When the debit exchange is thus received it must be carefully examined. From what has been said already the reader will understand that it consists of checks drawn on the bank to which it has been returned. The signature, endorsement, and whatever peculiarity a check may possess, must be examined before charging it to the drawer. This work is done during the intervals of other business, and not so much haste is required in completing it as in preparing the credit exchange for the Clearing-house, because that must be there by ten o'clock, otherwise a bank is fined for tardiness.
* Mr. George Hague, General Manager of the Merchants' Bank of Canada.
The assistant bookkeepers check out the exchanges, though this work is sometimes done by the bookkeepers who post them in their-ledgers, and bring the totals of their postings to the paying teller, who compares the record with the amount brought from the Clearing-house, which must be the same.
Having now considered the duties of a paying teller with respect to preparing his exchanges, we proceed to consider another very important function performed by him, namely, the certifying of checks.
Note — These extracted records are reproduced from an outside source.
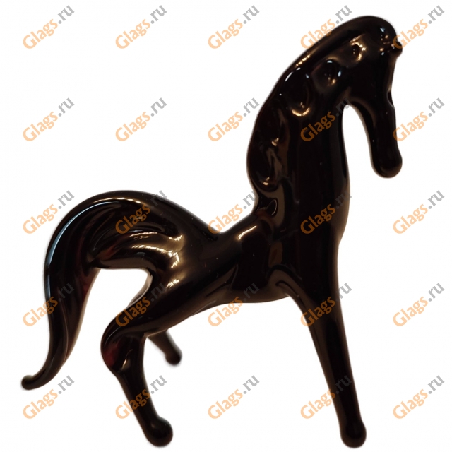 Стеклянный сувенир "Лошадь черная стоя" сделан вручную из цветного художественного стекла.
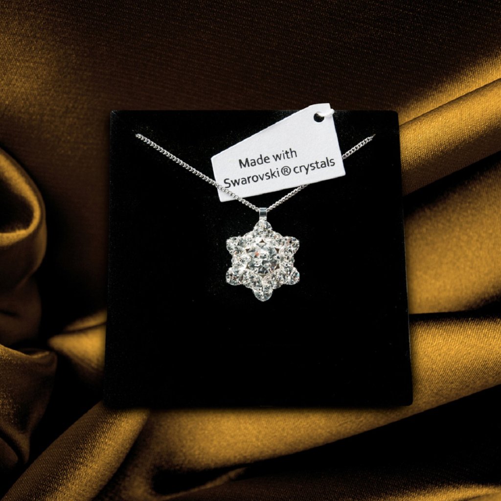 Nyaklánc - medál mérete 25 x 20 mm, 13 Swarovski kristállyal kirakva, ezüstözött ékszercsúszda, 45 cm hosszú lánc.
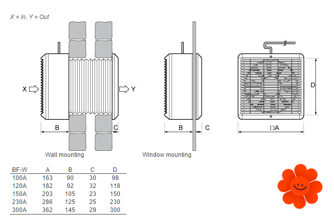 Axiálny ventilátor BF-W 230A je vhodný pre montáž do okna, resp. cez stenu.
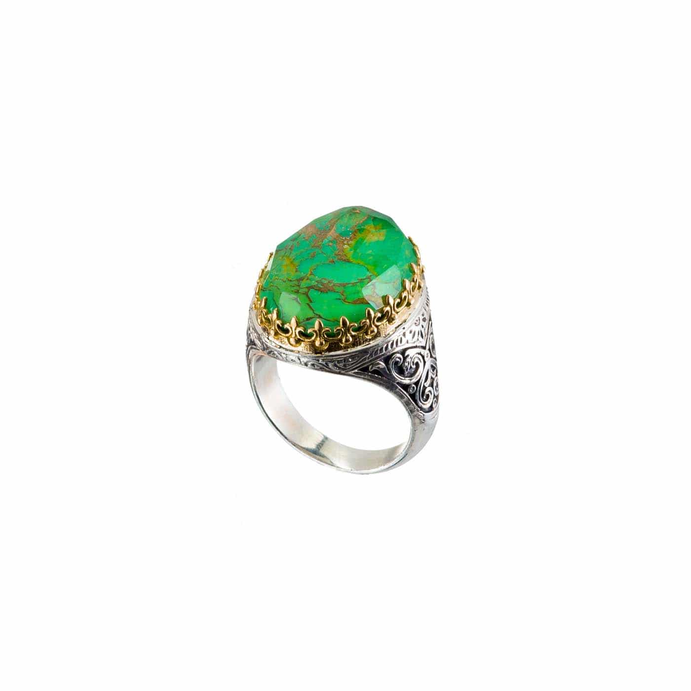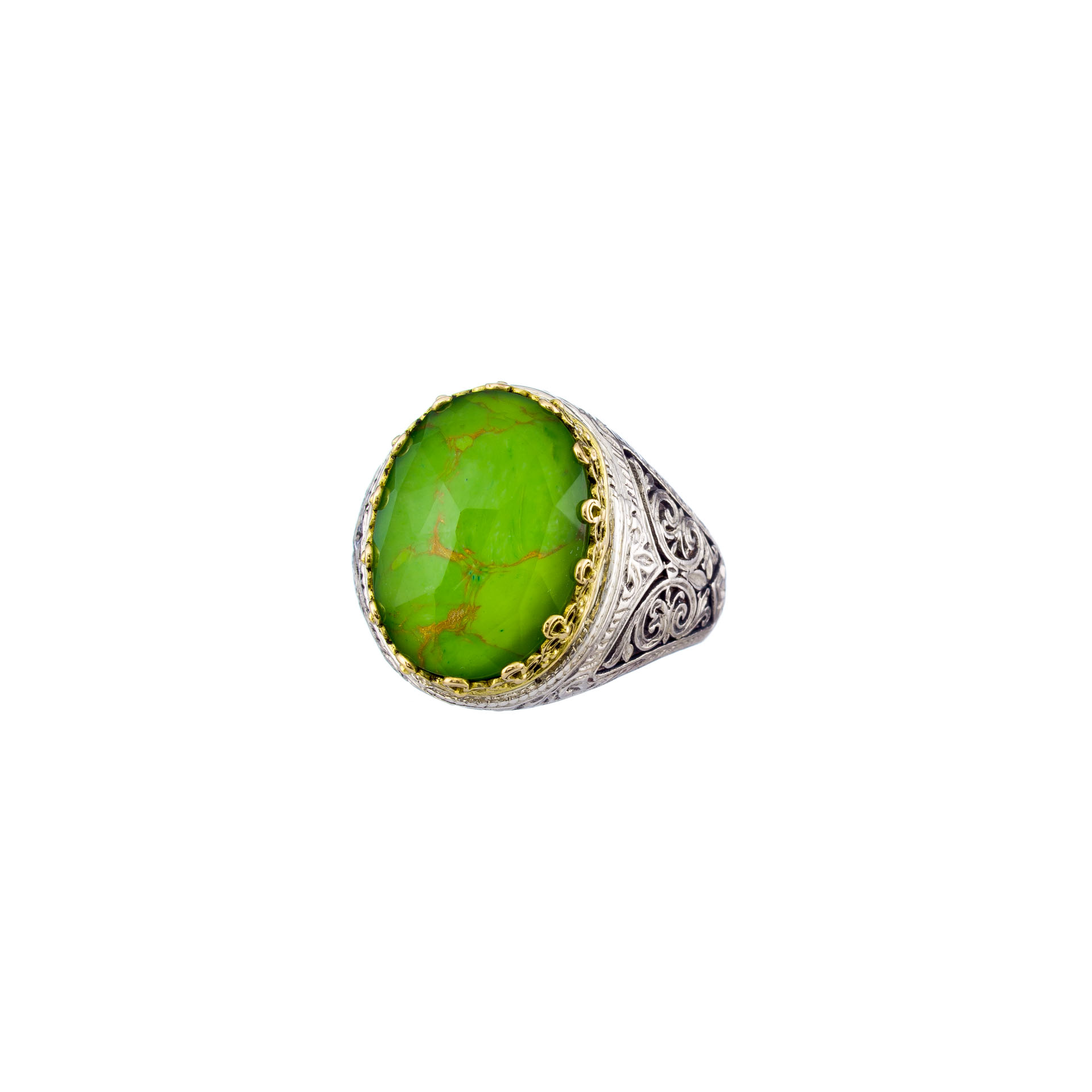 Ring in 18K solid Yellow Gold and sterling silver with doublet stone 12x16mm.

This consists in writing or stamping on a check words to the effect that it is "good," which signify that it will be paid on presentation.
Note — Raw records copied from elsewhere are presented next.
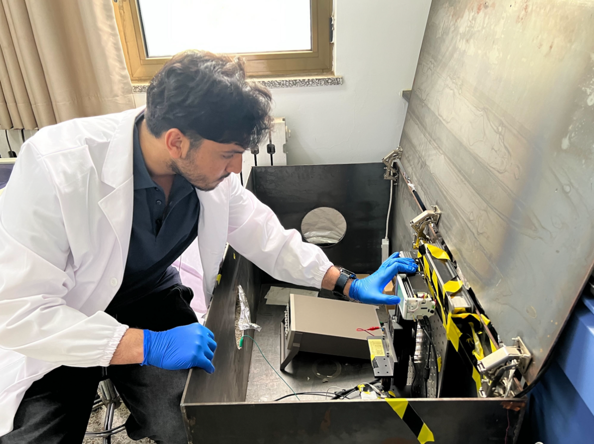 A member of Lan Yin’s team, Abdul Aziz, checks a device wirelessly receiving data from an implanted, biodegradable sensor.
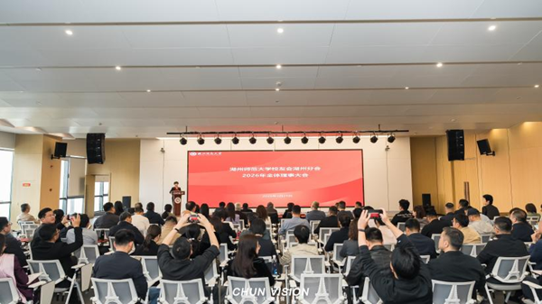 4月25日下午,湖州师范大学校友会湖州分会召开2026年全体理事大会。校党委副书记张国英,校友总会副会长朱鸿,湖州市政协原党组副书记、副主席叶理中校友,湖州市人大原副主任胡国荣校友出席,校友办负责人、湖州分会全体理事和校友代表参加。
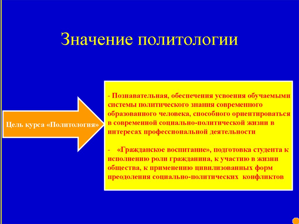 Цель курса «Политология»- Познавательная, обеспечения усвоения обучаемыми
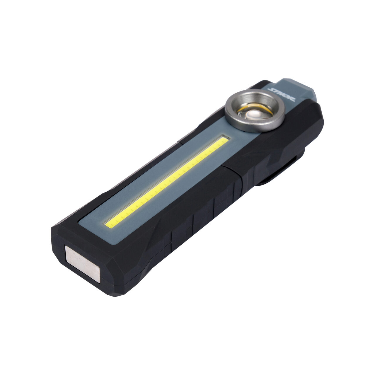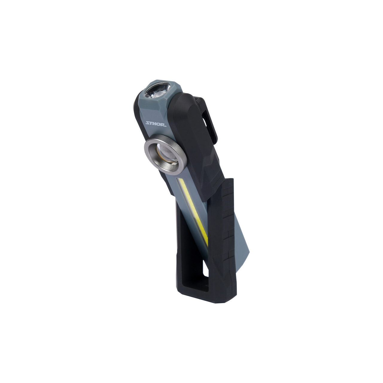 Lampă de atelier cu trei surse de lumină. Poate fi agățat de un cârlig sau clemă sau atașată de banc folosind magnetul din bază. Unghiul de iluminare poate fi reglat datorită carcasei rabatante. Tipuri de funcționare: lanternă LED de putere - diodă COB rotundă - diodă COB lungă.

When a depositor has enough money in the bank to pay the check presented for certification, the duty of the paying teller is a very simple one; he will not hesitate to certify such a check. Requests of this kind are often made in order to render a check more negotiable. A person, for example, may be unwilling to receive a check if drawn in the ordinary manner; but if certified by the bank on which it is drawn, no one will hesitate to receive it.
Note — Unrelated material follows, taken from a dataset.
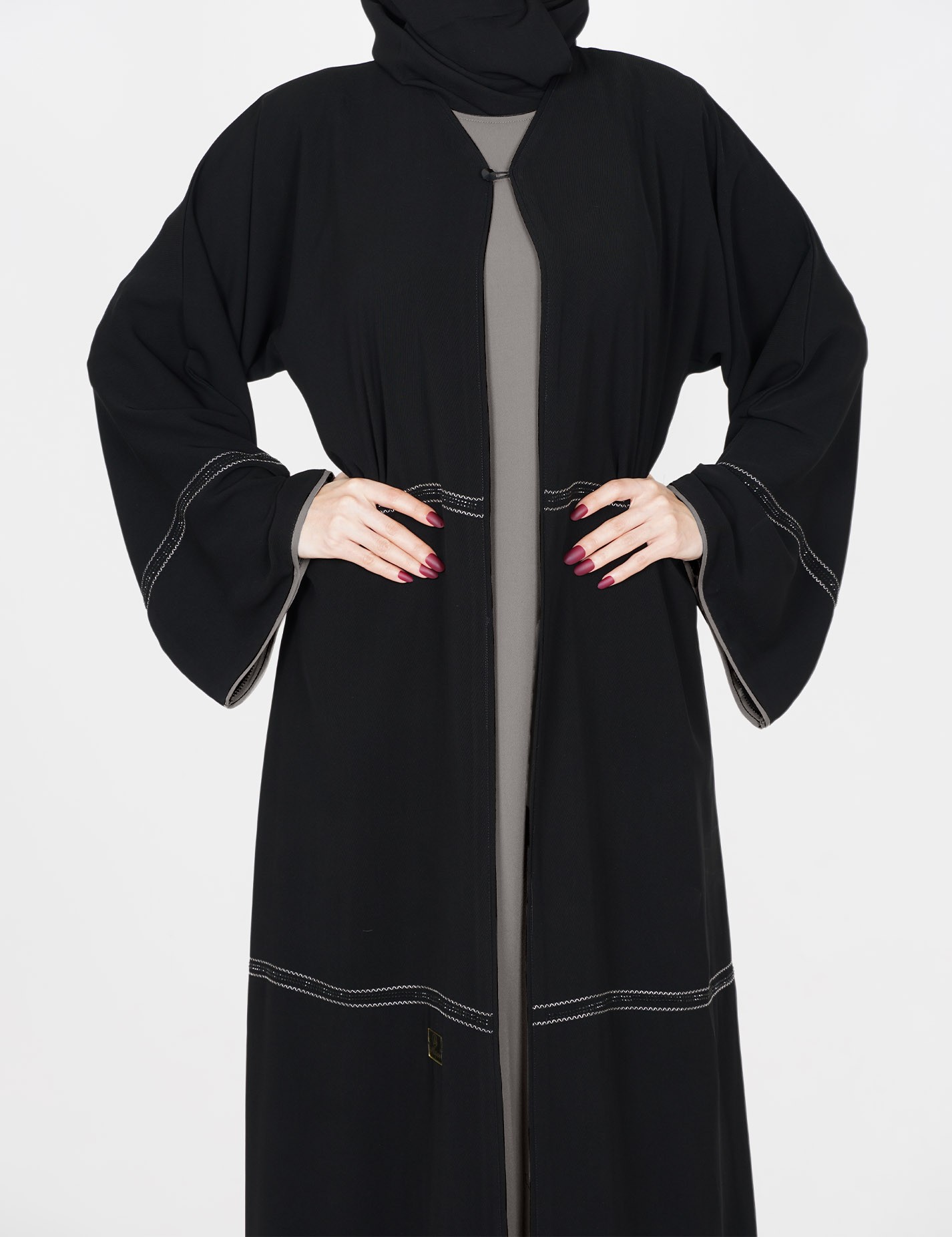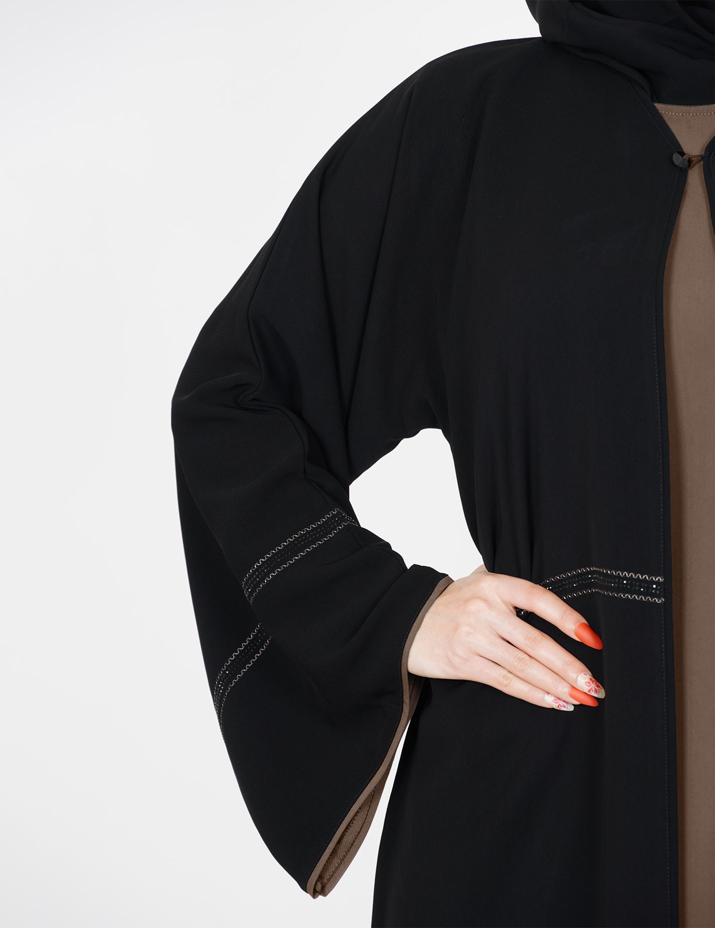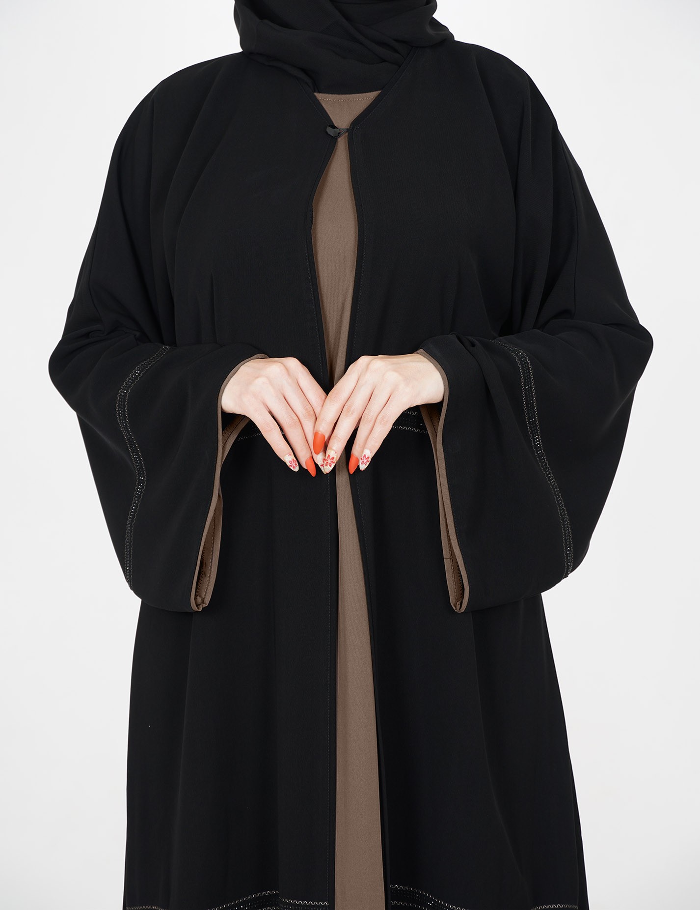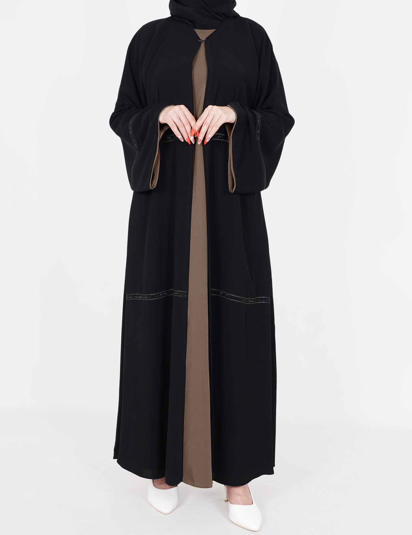 القماش : نصف القمر كوريرقبة سبعة على زرار مفتوح الامام على بطانه ملون + طرحةعلى قيطان و فصوص بالاماميدات عريضة على زرار |

The paying teller is often asked to certify checks for a much larger sum than the drawer may have on deposit, and the question then arises, "Shall I grant or refuse the request ?" This is often a very delicate question with him. When observing the National banking law his duty is very plain, for he is not permitted to certify beyond the amount which the depositor may have in the bank. Under the State bank system, however, no such regulation prevails.
Whenever the request is made the drawer expects to make deficiency good within a short time, generally before the close of the day. The paying teller is given a very wide latitude in granting or declining these requests. Usually he acts on his own authority, though, of course there is nothing to prevent him from getting the opinion of the cashier or president. In all cases the question is decided very quickly. If the person asking for the favor is an old customer, and has always been prompt in fulfilling his engagements, and whose account is a large and desirable one, the paying teller would not hesitate to certify. If he were a new dealer, and not well known to the paying teller, he would refuse. A good authority says, "The discretion of the teller in certifying checks is for the most part independent of his superior officers, and they are averse to interfering with it. In doubtful cases he refers to them for special instruction. Dealers apply to them also to reverse his judgment, but not often with success. Either of them would be likely to answer, 'The teller understands his business better than I do.' Such is the influence acquired by a competent and judicious clerk in this post that he obtains a degree of respect of the customers of the bank a little less than is accorded the president or cashier."
In the absence of the paying teller the receiving teller occupies the place, and the same authority to certify.
Certified checks are generally returned in the debit exchange on the following day through the Clearing-house. But very often they are remitted to other places and do not appear for redemption for a considerable time. They are charged, however, to the drawers immediately, for certification is regarded equivalent to payment.
The city banks have a book in which these are recorded. The aggregate is posted to the credit of an account called " Certified Checks," which is balanced by the separate charges as the checks come in. When the checks are paid they are entered on the debit side of this account; consequently it always shows the balance of certified checks outstanding. Formerly the dealer's ledger account was not charged with such checks until they were received for payment. They might be out so long as to be forgotten by the teller and the bookkeeper, and it was not difficult to practice a fraud on a bank by checking out deposits to such an extent as to leave an insufficient sum for the redemption of a certified check when presented. The losses to which the old methods gave rise led to the adoption of the existing plan of posting certifications.
A great variety of checks are drawn and presented for payment. Every check requires more or less examination. One of the most common defects is the lack of a proper endorsement. Checks are not infrequently given to persons who know but little about such matters, and who forget to fulfill this requisite, or who, perhaps, are ignorant of the fact that a check is made payable to their order. Sometimes checks are post-dated, and are presented for payment before the time fixed by the drawers. Sometimes the dates are altered, and the teller must be satisfied whether the alteration is material or not. Sometimes a check is drawn for a larger amount than the depositor may have on hand, or the paying teller may think so, and it is necessary for him to ask the bookkeeper what the balance of the depositor's account may be before paying it. Many irregularities and delays and inquiries may arise beside those mentioned.